--- Problem requirements ---
When the line with "קישוט לרכב חתן" appears below, start repeating lines exactly, and keep going through the line with "Историк тщательно изучал"; add nothing outside that span.

--- Record set ---
◆ ◆ ◆ ◆

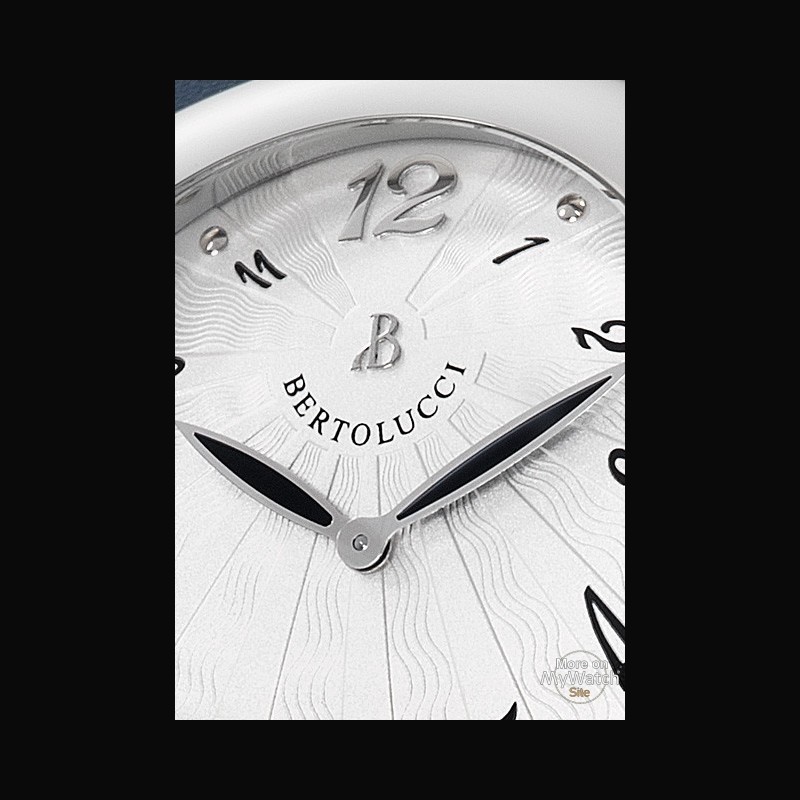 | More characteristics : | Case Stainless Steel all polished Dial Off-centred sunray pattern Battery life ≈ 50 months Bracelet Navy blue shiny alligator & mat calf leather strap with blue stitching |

◆ ◆ ◆ ◆

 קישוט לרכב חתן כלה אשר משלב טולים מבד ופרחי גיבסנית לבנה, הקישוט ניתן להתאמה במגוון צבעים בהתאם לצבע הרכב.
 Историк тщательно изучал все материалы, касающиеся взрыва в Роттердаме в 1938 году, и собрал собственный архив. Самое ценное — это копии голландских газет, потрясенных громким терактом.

◆ ◆ ◆ ◆

--- Solved problem ---
 קישוט לרכב חתן כלה אשר משלב טולים מבד ופרחי גיבסנית לבנה, הקישוט ניתן להתאמה במגוון צבעים בהתאם לצבע הרכב.
 Историк тщательно изучал все материалы, касающиеся взрыва в Роттердаме в 1938 году, и собрал собственный архив. Самое ценное — это копии голландских газет, потрясенных громким терактом.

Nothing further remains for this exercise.